Se enfaticamente abrirmos as comportas da nossa dor e das dores dos outros, talvez nos afogaremos — alguns podem pensar assim. Pessoalmente, sinto que é melhor morrer afogado naquilo que há de profundo do que definhar apenas por tocar a superfície das coisas. E dentro da dor não há só feiura e breu, que fique claro. Aproximar-se da dor não é mudar-se para uma sala escura. Há beleza e mistério na dor. Muito do que há de bonito e abundante no mundo surge da dor — leram O Livro do Desassossego, de Fernando Pessoa? Dá para esquecer o quadro Guernica, de Picasso?

Entrar em contato com a dor não quer dizer andar cabisbaixo e desalegre por entre os dias. Entrar em contato com a dor, com o chão e com a gravidade quer dizer andar desperto pelo menos mais de cinco minutos por ano.

*

Uma das intervenções poéticas que fiz nas ruas em 2014 se chama “Faço seu retrato em forma de poesia”. A ação aconteceu na Praça da Luz, em São Paulo. Uma garota de programa com quem falei nessa intervenção me trouxe um olhar que se entrelaça profundamente com as dores que sentimos ou negamos hoje. Perguntei o que ela mais gostava de fazer, ressaltei que suas paixões seriam o tema do poema. Ela me disse que gostava muito do namorado, de dançar forró com seu amor. Daí perguntei: O que é amar? A resposta veio direta como um dardo: “Amar é lembrar. Amar é lembrar de amar sem que isso seja um esforço. Amar é lembrar do nosso amor.”

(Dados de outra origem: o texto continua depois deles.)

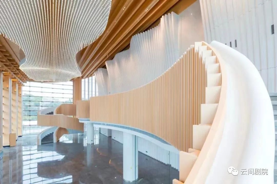 大堂两侧的楼梯造型极具艺术特色,旋转的弧形结构,似水袖扬起,展现云间剧院的灵动之美。
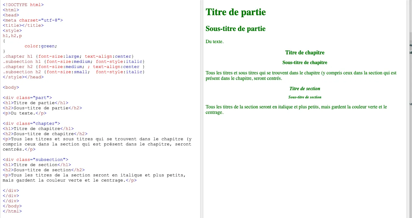 pour Simple Workspace). Cela permet une rigueur et une harmonisation dans la mise en pages 1 . En effet, tous les éléments de même type auront toujours la même mise en valeur. Par exemple, dès lors que dans le fichier XML on a un élément « auteur » on peut dire qu’il est en italique et ferré à droite. Là, vous vous dites probablement que c’est exactement la même chose lorsqu’on utilise des styles, et vous avez parfaitement raison. Toutefois, le XML permet également une contextualisation : on peut spécifier, par exemple, que les éléments « auteur » qui se trouvent dans un chapitre auront un corps (une taille de caractères) plus grand que ceux qui se trouvent dans les extraits. Il faut alors un retour à la ligne s’ils sont suivis d’une adresse, mais surtout pas lorsque l’élément suivant est un titre d’ouvrage. Ces logiciels permettent de réaliser des réglages encore plus fins, même s’ils sont proches d’une mécanique similaire à celui de la contextualisation en HTML/CSS (voir l’image d’exemple de la contextualisation en HTML/CSS).
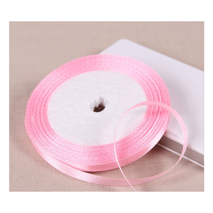 Satijnlint in de kleur roze van 6mm breed op een rol van 22,8m.
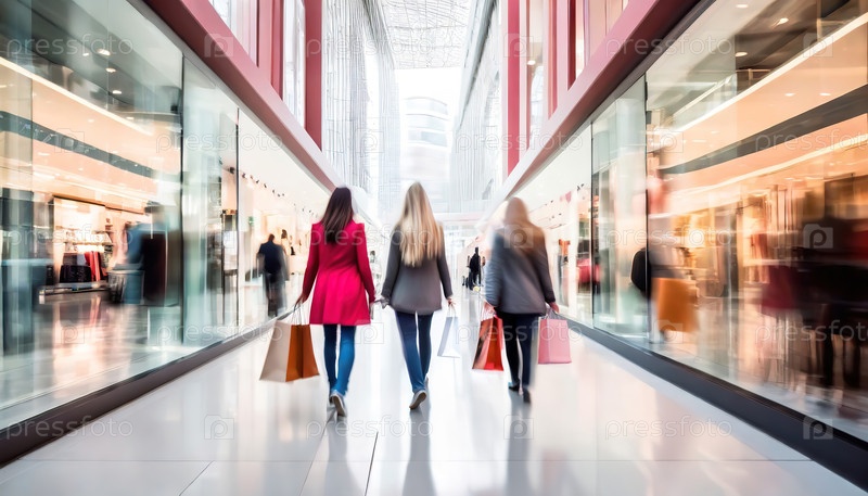 Покупатели ходят по оживленному и современному торговому центру с сумками в руках
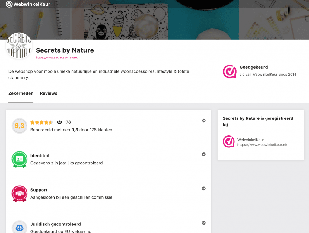 Naast dat we processen hebben geoptimaliseerd, kun je in de bètaversie onder andere de profielopmaak van je ledenpagina wijzigen. Pas de banner en omschrijving van je ledenpagina naar eigen smaak aan. Je kunt ook een profielfoto uploaden voor de persoonlijke touch of een icoon van je logo. Tevens kun je op verschillende niveaus badges verdienen , die de consument weer extra zekerheden geeft. Hoe meer badges je unlockt, hoe beter dit er voor je ledenpagina uitziet. Op deze manier hebben wij het inzichtelijker gemaakt hoe onze leden zorg dragen voor een fijne en vooral een veilige shopervaring. [caption id="attachment_78556" align="aligncenter" width="606"]
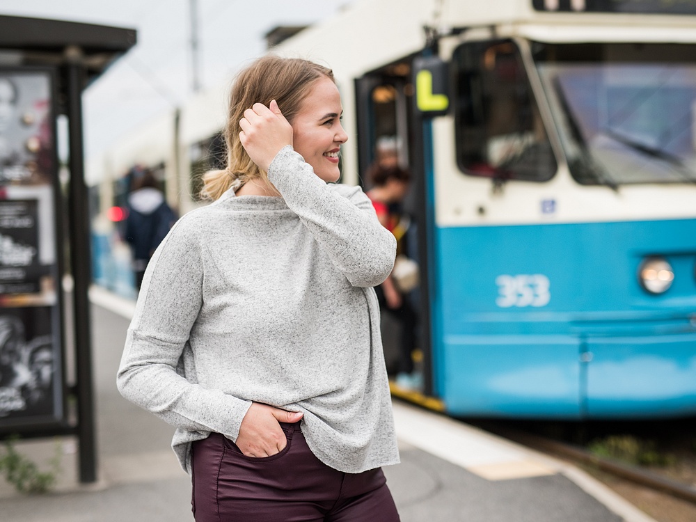 Idag får vi upp en ny färg av våran populära Poptrash classic pinstripe som nu kommer i en mörkgrå snygg färg. Supersnygg att matcha till dagens fina blus som ni ser på Jessica här ovan. Då får du en skön och dressad look.
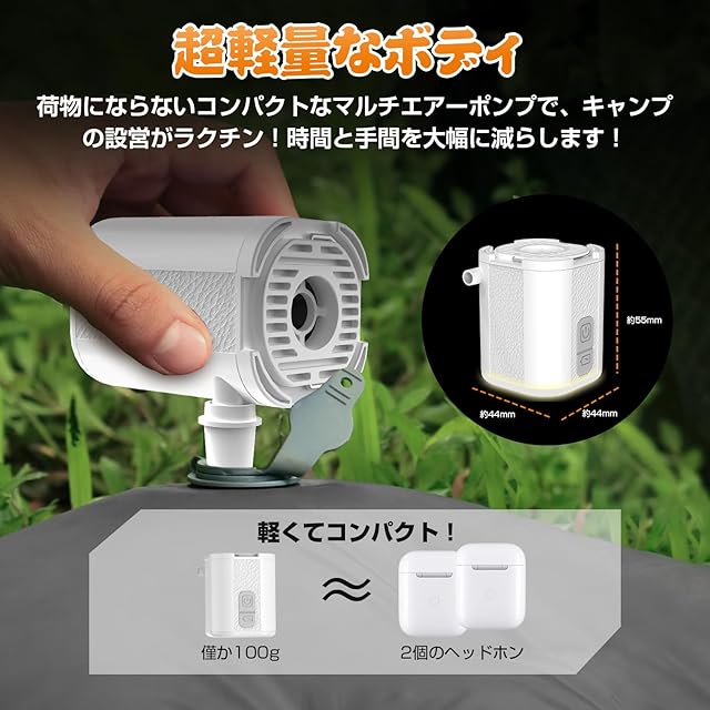 【超小型エアーポンプ】電動エアーポンプは、わずか100gの超軽量で、収納や持ち運びがとても便利です。コンパクトなサイズで、ワンボタンで簡単に操作でき、手のひらサイズのため子供でも簡単に使用できます。ビーチ、キャンプ、アウトドアなどでも大活躍します。
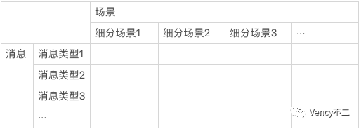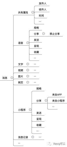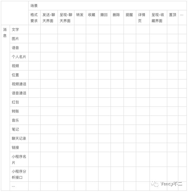 仍然以某款IM工具为例(其实就是微信)向大家讲解纵横思维的具体使用。假设要梳理微信的消息相关功能,而微信中涉及到的消息种类太多且各有不同,直接发散会导致重要功能遗漏,此时就可使用纵横思维。
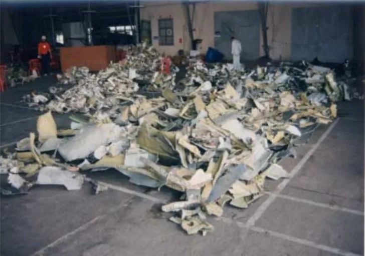 最后发现最大块的飞机残骸仅有40厘米,机上104人的遗骸都是残肢断体无法确认,一直最后仅有6人确认了身份……
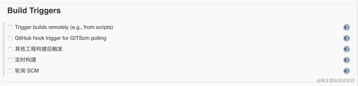 - SCM:选择git或者svn作为代码触发器
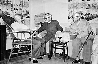 1982年7月7日下午,朱光潛(左)、茅以升(中)、宗白華三位老學者在朱光潛家會面談心 資料圖片

Se entendermos que amar tem a ver com lembrar, o ato de lembrar a dor (dos outros e a nossa) é expressão de cuidado. Enquanto eu lia a frase do Talibã sobre o atentado que matou uma multidão de crianças (“queremos que eles sintam a nossa dor”), refletia sobre como devo seguir depois de entrar em contato com tais palavras. Devo andar com essa dor a tiracolo? Por quanto tempo devo me lembrar dela? Devo colocá-la no vaso onde guardo meus olhos à noite, para que eles absorvam a substância da qual essas palavras se compõem?

Quando a gente anda com a dor descoberta, do nosso lado, muitas vezes ela nos leva para lugares que não visitaríamos sem sua companhia. Não deixemos que certas dores saiam da pele nem se nos lavarem com tira-manchas. Nem se findarem dois anos de uma só vez, de súbito. Nem se esfregarem nosso corpo com palha de aço.

Lembrar a dor é um ato amoroso, político, estético, vivo.

* um agradecimenso especial à Serena Labate, que este ano me ajudou a sentir mais intimidade com o chão.

2 pensamentos sobre “Um desejo diferente para 2015

  1. que lindo texto. num dos sutras budistas se fala sobre luz e escuridão, mas pode ser sobre a beleza dentro da dor…
    “Dentro da luz há escuridão.
    Mas não tente compreender esta escuridão.
    Dentro da escuridão há luz
    Mas não procure por esta luz.
    Luz e escuridão são um par,
    Como o pé na frente e o pé de trás, ao andar.”